# Project 10: Spam Filter
## Probability

In this project, we will build a spam filter for SMS messages applying Probabilty formulas such as Naive Bayes Laplace smoothing.

Datasets used in this project from:
* [SMS Spam Collection](https://archive.ics.uci.edu/ml/datasets/sms+spam+collection) 

We will first import train dataset:

In [1]:
import pandas as pd
import numpy as np

In [2]:
df = pd.read_csv('SMSSpamCollection', sep='\t', header=None, names=['Label', 'SMS'])
df.head()

Unnamed: 0,Label,SMS
0,ham,"Go until jurong point, crazy.. Available only ..."
1,ham,Ok lar... Joking wif u oni...
2,spam,Free entry in 2 a wkly comp to win FA Cup fina...
3,ham,U dun say so early hor... U c already then say...
4,ham,"Nah I don't think he goes to usf, he lives aro..."

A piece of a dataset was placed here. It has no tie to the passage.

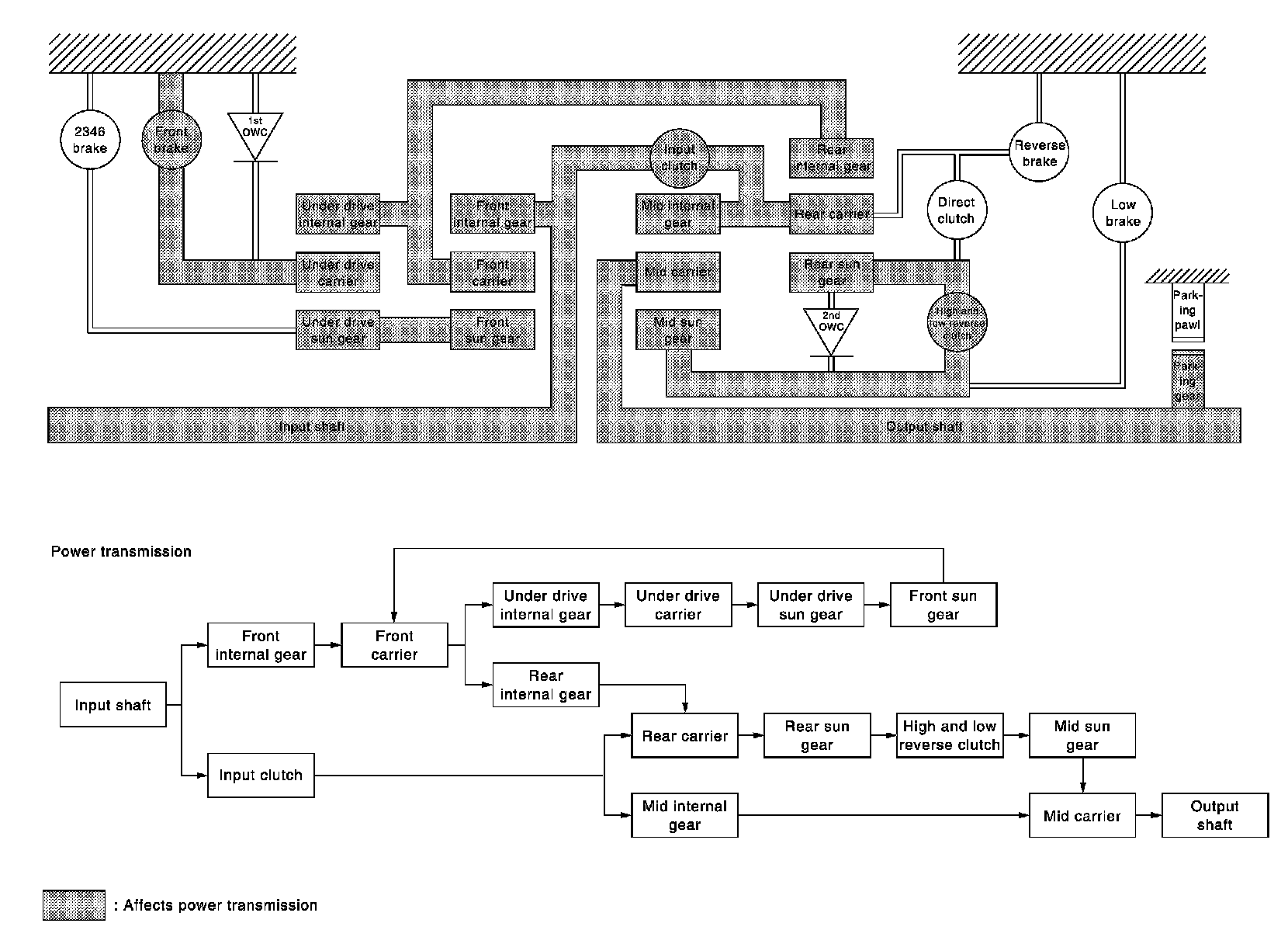 - The 1st one-way clutch and the front brake regulate counterclockwise rotation of the under drive carrier.

We will clean analyzed data of vocabulary frequency for both ham and spam messages:

In [3]:
words=df['SMS'].str.replace("([^\w']|\B')",' ').str.lower().str.split(expand=True).stack().nunique()
ham=df.loc[df['Label']=='ham','SMS'].str.replace("([^\w']|\B')",' ').str.lower().str.split(expand=True).stack().value_counts().to_frame()
spam=df.loc[df['Label']=='spam','SMS'].str.replace("([^\w']|\B')",' ').str.lower().str.split(expand=True).stack().value_counts().to_frame()

In [4]:
words

8916

In [5]:
ham.head()

Unnamed: 0,0
i,2331
you,1866
to,1562
the,1133
a,1070


In [6]:
spam.head()

Unnamed: 0,0
to,691
a,380
call,355
you,290
your,264


We will create a method using Laplace smoothing algorithm to predict data:

In [7]:
def classify(word):
    n=pd.Series(word.split()).str.replace("([^\w']|\B')",' ').str.lower().str.strip()
    h=np.prod(n.apply(lambda x:(ham[ham.index==x].sum()+1)/(len(ham)+words)))
    s=np.prod(n.apply(lambda x:(spam[spam.index==x].sum()+1)/(len(spam)+words)))
    if float(h)>float(s): 
        return 'ham'
    else:
        return 'spam'

In [8]:
df['predicted'] = df['SMS'].apply(classify)
df.head()

Unnamed: 0,Label,SMS,predicted
0,ham,"Go until jurong point, crazy.. Available only ...",ham
1,ham,Ok lar... Joking wif u oni...,ham
2,spam,Free entry in 2 a wkly comp to win FA Cup fina...,spam
3,ham,U dun say so early hor... U c already then say...,ham
4,ham,"Nah I don't think he goes to usf, he lives aro...",ham


Finally, we will calculate the accuracy of the filter:

In [9]:
accuracy= round(len(df[df['Label']==df['predicted']])/len(df)*100,2)
print('Accuracy = '+str(accuracy)+'%')

Accuracy = 97.2%


End. Thankyou!